Task objective
Apart from the pictures, everything in the lines below must be printed exactly.

Given material
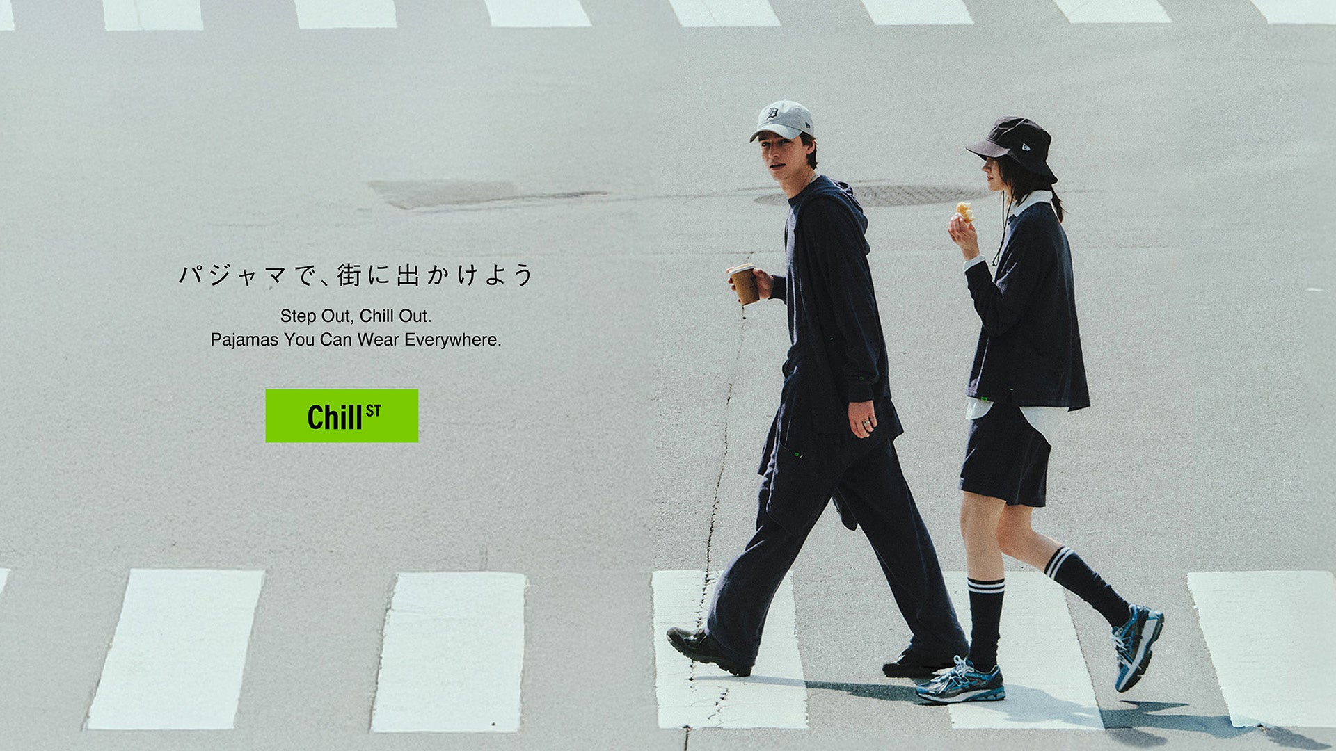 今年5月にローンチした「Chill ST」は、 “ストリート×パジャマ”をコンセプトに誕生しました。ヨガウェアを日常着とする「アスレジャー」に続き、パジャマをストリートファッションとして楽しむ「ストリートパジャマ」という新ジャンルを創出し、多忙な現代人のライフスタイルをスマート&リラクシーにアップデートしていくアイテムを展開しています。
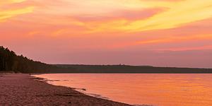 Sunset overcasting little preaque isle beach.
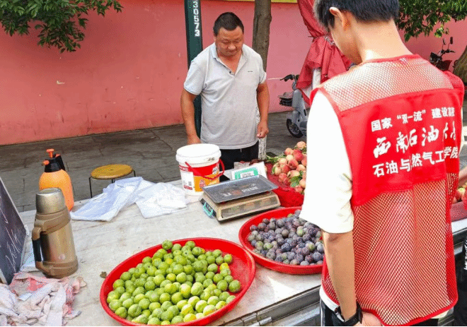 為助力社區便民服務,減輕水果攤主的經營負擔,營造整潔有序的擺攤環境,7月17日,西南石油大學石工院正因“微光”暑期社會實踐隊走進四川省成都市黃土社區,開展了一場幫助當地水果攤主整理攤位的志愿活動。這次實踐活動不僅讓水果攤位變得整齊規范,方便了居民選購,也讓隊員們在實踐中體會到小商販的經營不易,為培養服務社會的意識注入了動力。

Written solution
 今年5月にローンチした「Chill ST」は、 “ストリート×パジャマ”をコンセプトに誕生しました。ヨガウェアを日常着とする「アスレジャー」に続き、パジャマをストリートファッションとして楽しむ「ストリートパジャマ」という新ジャンルを創出し、多忙な現代人のライフスタイルをスマート&リラクシーにアップデートしていくアイテムを展開しています。
 Sunset overcasting little preaque isle beach.
 為助力社區便民服務,減輕水果攤主的經營負擔,營造整潔有序的擺攤環境,7月17日,西南石油大學石工院正因“微光”暑期社會實踐隊走進四川省成都市黃土社區,開展了一場幫助當地水果攤主整理攤位的志愿活動。這次實踐活動不僅讓水果攤位變得整齊規范,方便了居民選購,也讓隊員們在實踐中體會到小商販的經營不易,為培養服務社會的意識注入了動力。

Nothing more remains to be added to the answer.